Class BaseRowDelta

java.lang.Object
org.apache.iceberg.BaseRowDelta
All Implemented Interfaces:
PendingUpdate<Snapshot>, RowDelta, SnapshotUpdate<RowDelta>

public class BaseRowDelta extends Object implements RowDelta
  • Constructor Details

  • Method Details

    • self

      protected BaseRowDelta self()
    • operation

      protected String operation()
      A string that describes the action that produced the new snapshot.
      Returns:
      a string operation
    • addRows

      public RowDelta addRows(DataFile inserts)
      Description copied from interface: RowDelta
      Add a DataFile to the table.
      Specified by:
      addRows in interface RowDelta
      Parameters:
      inserts - a data file of rows to insert
      Returns:
      this for method chaining
    • addDeletes

      public RowDelta addDeletes(DeleteFile deletes)
      Description copied from interface: RowDelta
      Add a DeleteFile to the table.
      Specified by:
      addDeletes in interface RowDelta
      Parameters:
      deletes - a delete file of rows to delete
      Returns:
      this for method chaining
    • removeRows

      public RowDelta removeRows(DataFile file)
      Description copied from interface: RowDelta
      Remove a DataFile from the table.
      Specified by:
      removeRows in interface RowDelta
      Parameters:
      file - a data file
      Returns:
      this for method chaining
    • removeDeletes

      public RowDelta removeDeletes(DeleteFile deletes)
      Description copied from interface: RowDelta
      Removes a rewritten DeleteFile from the table.
      Specified by:
      removeDeletes in interface RowDelta
      Parameters:
      deletes - a delete file that can be removed from the table
      Returns:
      this for method chaining
    • validateFromSnapshot

      public RowDelta validateFromSnapshot(long snapshotId)
      Description copied from interface: RowDelta
      Set the snapshot ID used in any reads for this operation.
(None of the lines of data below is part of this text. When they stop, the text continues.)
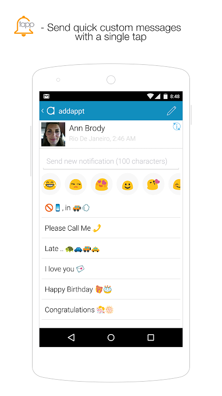 More recently updated with 'tapp' - send short and quick notifications and/or emoji as messages with a single tap.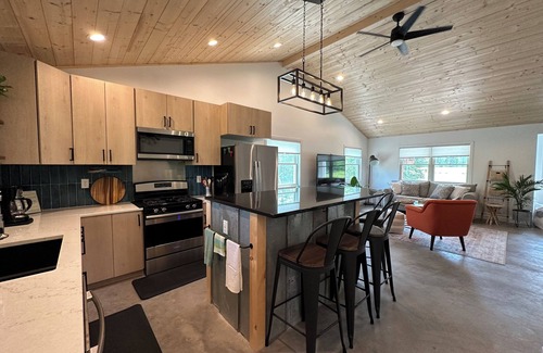 Lenawee Getaway has a modern kitchen with gas range & oven, refrigerator with filtered water & ice, dish washer, microwave, coffee maker, blender, and an additional beverage refrigerator for extra storage. The large bar height center island with seating for six is the perfect place to gather with friends and family while you enjoy a meal, play games, or solve the world’s problems. A smaller bistro table and chairs is also provided for additional dining space.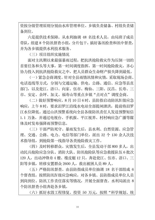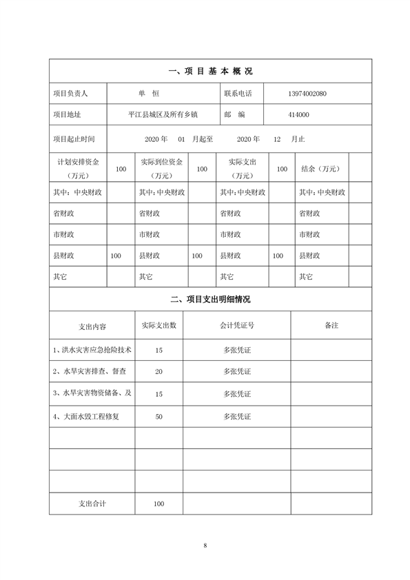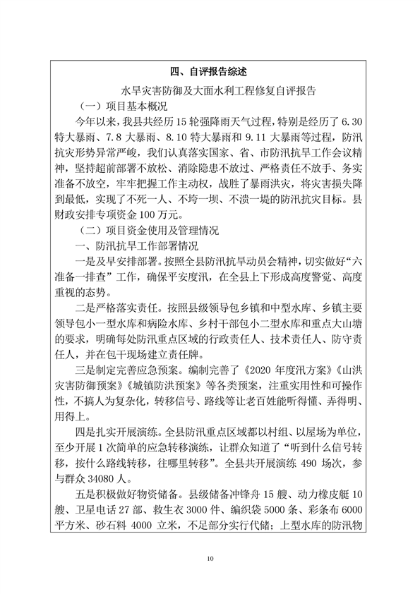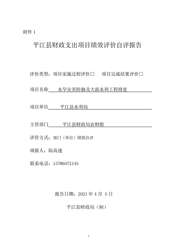 平江县水利局2020年度水旱灾害防治绩效评价自评报告

      Validations will check changes after this snapshot ID. If the from snapshot is not set, all ancestor snapshots through the table's initial snapshot are validated.

      Specified by:
      validateFromSnapshot in interface RowDelta
      Parameters:
      snapshotId - a snapshot ID
      Returns:
      this for method chaining
    • validateDeletedFiles

      public RowDelta validateDeletedFiles()
      Description copied from interface: RowDelta
      Enable validation that referenced data files passed to RowDelta.validateDataFilesExist(Iterable) have not been removed by a delete operation.

      If a data file has a row deleted using a position delete file, rewriting or overwriting the data file concurrently would un-delete the row. Deleting the data file is normally allowed, but a delete may be part of a transaction that reads and re-appends a row. This method is used to validate deletes for the transaction case.

      Specified by:
      validateDeletedFiles in interface RowDelta
      Returns:
      this for method chaining
    • validateDataFilesExist

      public RowDelta validateDataFilesExist(Iterable<? extends CharSequence> referencedFiles)
      Description copied from interface: RowDelta
      Add data file paths that must not be removed by conflicting commits for this RowDelta to succeed.

      If any path has been removed by a conflicting commit in the table since the snapshot passed to RowDelta.validateFromSnapshot(long), the operation will fail with a ValidationException.

      By default, this validation checks only rewrite and overwrite commits. To apply validation to delete commits, call RowDelta.validateDeletedFiles().

      Specified by:
      validateDataFilesExist in interface RowDelta
      Parameters:
      referencedFiles - file paths that are referenced by a position delete file
      Returns:
      this for method chaining
    • conflictDetectionFilter

      public RowDelta conflictDetectionFilter(Expression newConflictDetectionFilter)
      Description copied from interface: RowDelta
      Sets a conflict detection filter used to validate concurrently added data and delete files.

      If not called, a true literal will be used as the conflict detection filter.

      Specified by:
      conflictDetectionFilter in interface RowDelta
      Parameters:
      newConflictDetectionFilter - an expression on rows in the table
      Returns:
      this for method chaining
    • validateNoConflictingDataFiles

      public RowDelta validateNoConflictingDataFiles()
      Description copied from interface: RowDelta
      Enables validation that data files added concurrently do not conflict with this commit's operation.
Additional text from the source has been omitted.